** RECORD EXTRACTS follows **

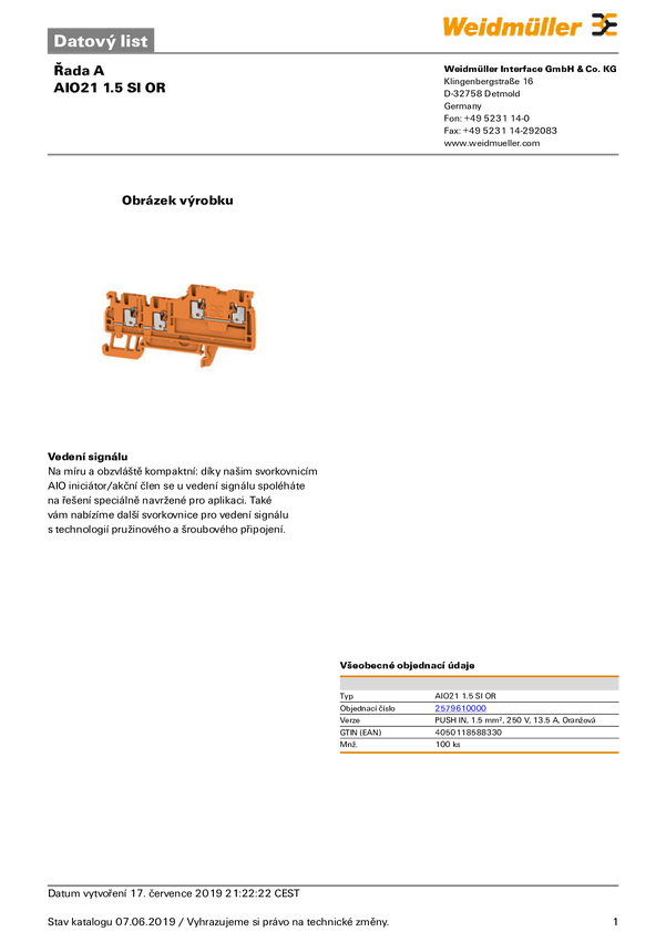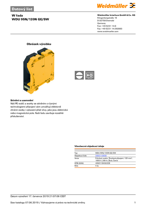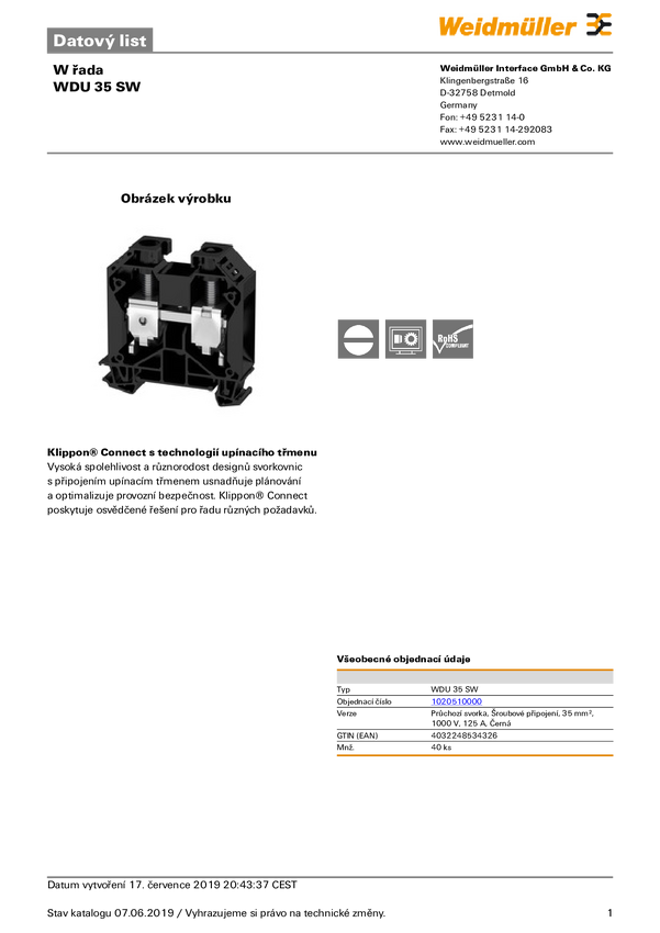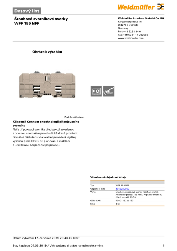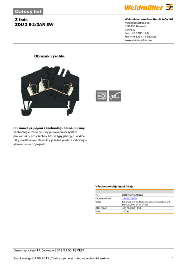 Złączka szynowa przelotowa Weidmüller 1946210000 sprężynowe 100 szt.
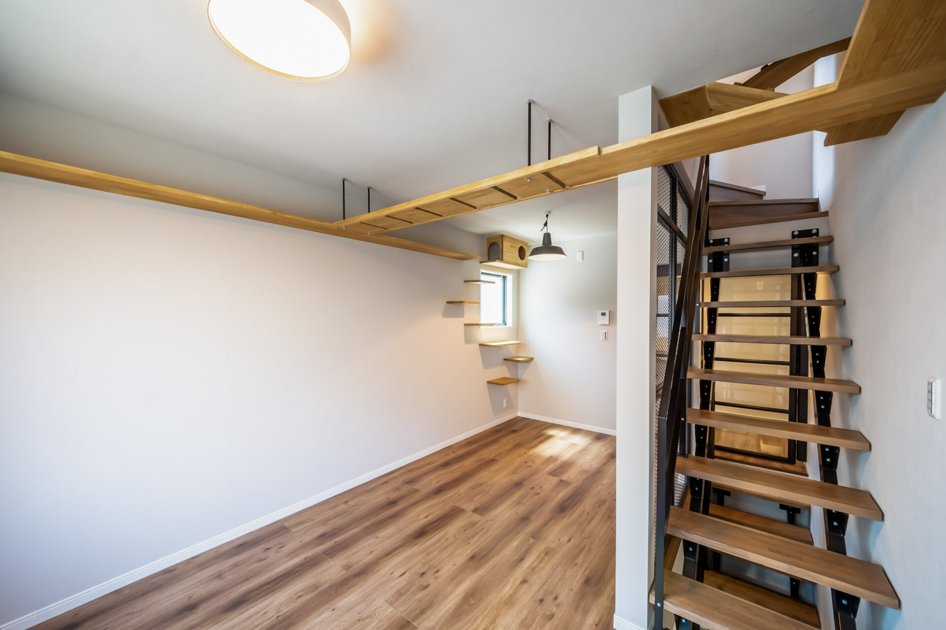 階段を登って奥のお部屋にはキャットステップとキャットウォークを設置しました。
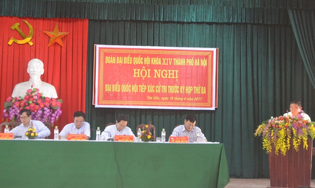 Phát biểu ý kiến tại buổi tiếp xúc, cử tri Lê Văn Thụ đề nghị Nhà nước quan tâm hỗ trợ kinh phí tu sửa các di tích lịch sử đã được xếp hạng đang xuống cấp; đầu tư phát triển sản xuất nông nghiệp, hỗ trợ máy đập đất, máy cấy, đặc biệt đầu ra cho sản phẩm chăn nuôi hiện đang gặp rất nhiều khó khăn.
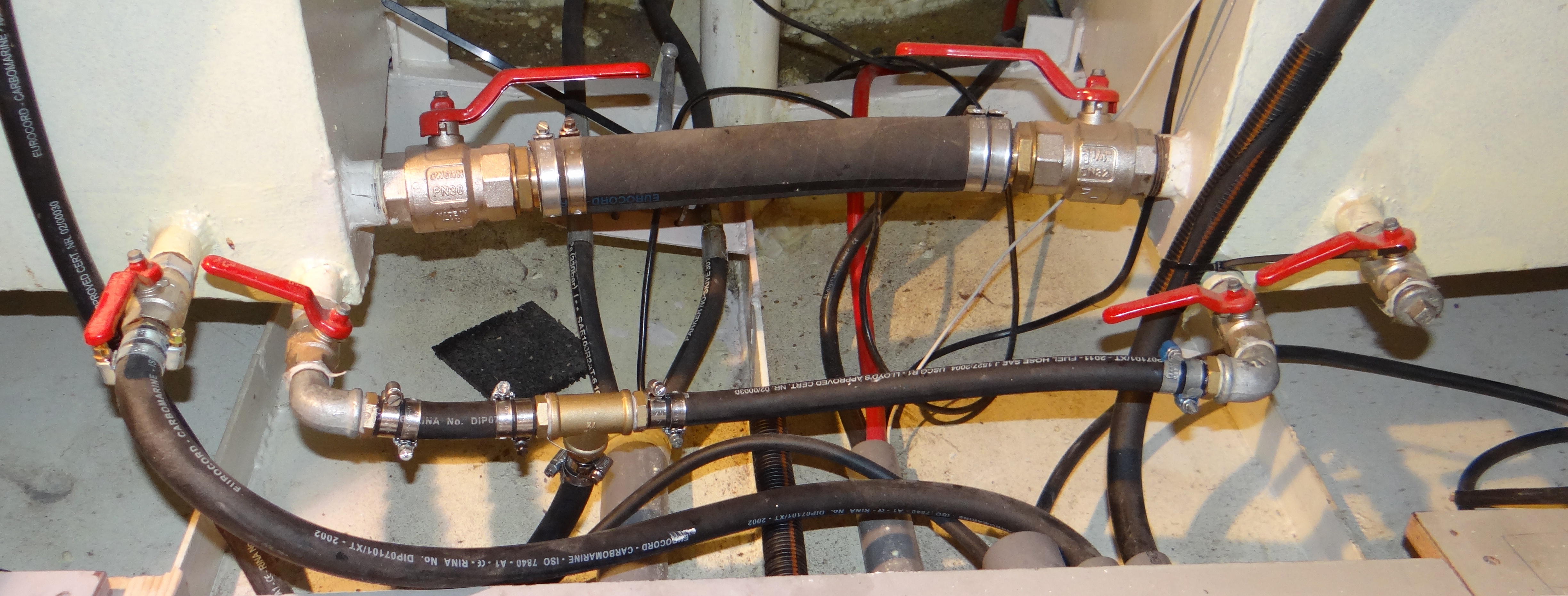 Na wat discussie over het nut van mangaten in de tanks om de tanks te kunnen reinigen, kwam ik ook hier tot de conclusie dat voorkomen beter is dan genezen. Voorkom dat er zich in de loop der jaren vuil ophoopt op de bodem van de tanks. Gelukkig is de bodem van beide tanks een beetje aflopend met een aftappunt op het laagste punt. Via een T-stuk zijn de beide aftappunten aan een enkele leiding gekoppeld naar het brandstofreinigingssyteem. Via de kranen bij de aftappunten kan om beurten na een tochtje over woelig water het systeem worden ingeschakeld. Eventuele vervuiling van de bodem die is gaan ‘zweven’wordt dan direct verwijderd. Door dit regelmatig te doen zou er geen noodzaak zijn voor mangaten in de tanks. De praktijk zal uitwijzen of dit op termijn misschien toch nodig zal zijn in het geval van erg sterke vervuiling. Essentie is voorlopig preventief vuil en water verwijderen uit de tanks.
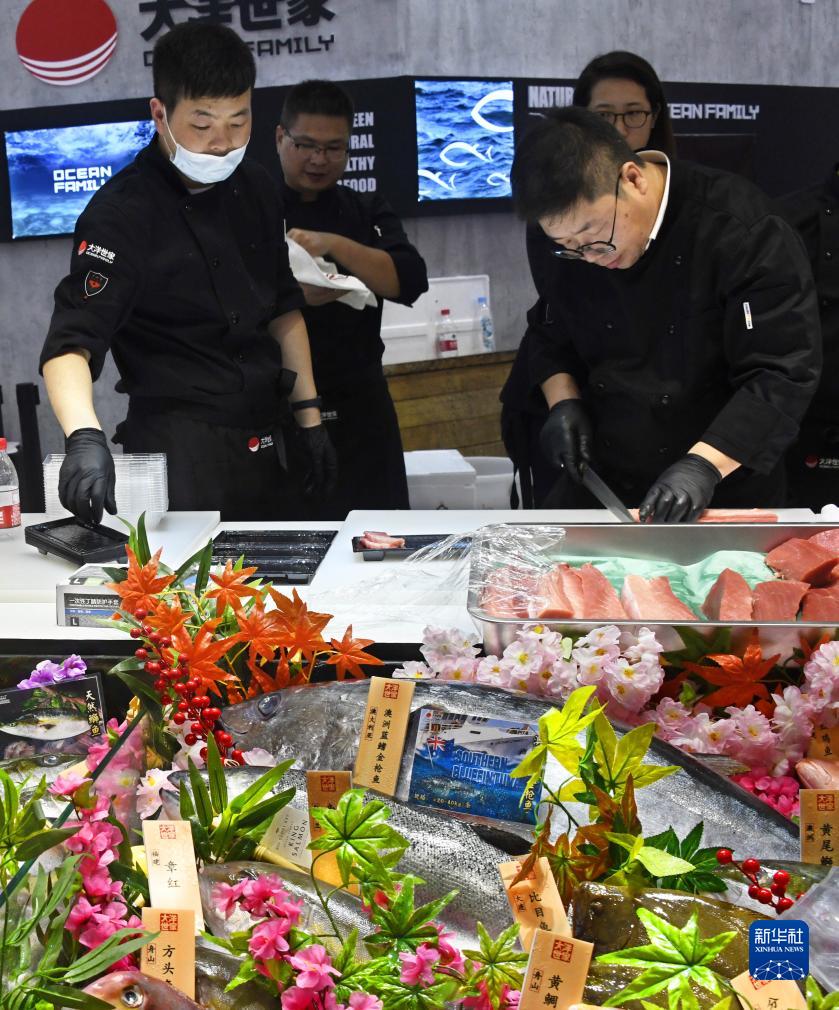 10月25日,參展企業在漁業博覽會上展示、加工水產品。
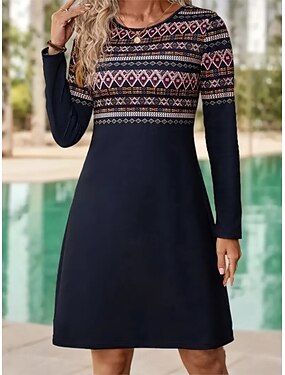 Femmes Mini Robe Robe T-Shirt Robe fourreau Robe d'été Vacances Occasionnel Quotidien Soirée Coupe régulière Graphique Géométrique manche longue Col ras du cou Bleu de minuit Printemps Automne Hiver

** End of RECORD EXTRACTS **

▶ _ACTIVITY_
Write out the data above in full and exactly, but without the pictures.

▶ _EXPECTED ANSWER_
 Złączka szynowa przelotowa Weidmüller 1946210000 sprężynowe 100 szt.
 階段を登って奥のお部屋にはキャットステップとキャットウォークを設置しました。
 Phát biểu ý kiến tại buổi tiếp xúc, cử tri Lê Văn Thụ đề nghị Nhà nước quan tâm hỗ trợ kinh phí tu sửa các di tích lịch sử đã được xếp hạng đang xuống cấp; đầu tư phát triển sản xuất nông nghiệp, hỗ trợ máy đập đất, máy cấy, đặc biệt đầu ra cho sản phẩm chăn nuôi hiện đang gặp rất nhiều khó khăn.
 Na wat discussie over het nut van mangaten in de tanks om de tanks te kunnen reinigen, kwam ik ook hier tot de conclusie dat voorkomen beter is dan genezen. Voorkom dat er zich in de loop der jaren vuil ophoopt op de bodem van de tanks. Gelukkig is de bodem van beide tanks een beetje aflopend met een aftappunt op het laagste punt. Via een T-stuk zijn de beide aftappunten aan een enkele leiding gekoppeld naar het brandstofreinigingssyteem. Via de kranen bij de aftappunten kan om beurten na een tochtje over woelig water het systeem worden ingeschakeld. Eventuele vervuiling van de bodem die is gaan ‘zweven’wordt dan direct verwijderd. Door dit regelmatig te doen zou er geen noodzaak zijn voor mangaten in de tanks. De praktijk zal uitwijzen of dit op termijn misschien toch nodig zal zijn in het geval van erg sterke vervuiling. Essentie is voorlopig preventief vuil en water verwijderen uit de tanks.
 10月25日,參展企業在漁業博覽會上展示、加工水產品。
 Femmes Mini Robe Robe T-Shirt Robe fourreau Robe d'été Vacances Occasionnel Quotidien Soirée Coupe régulière Graphique Géométrique manche longue Col ras du cou Bleu de minuit Printemps Automne Hiver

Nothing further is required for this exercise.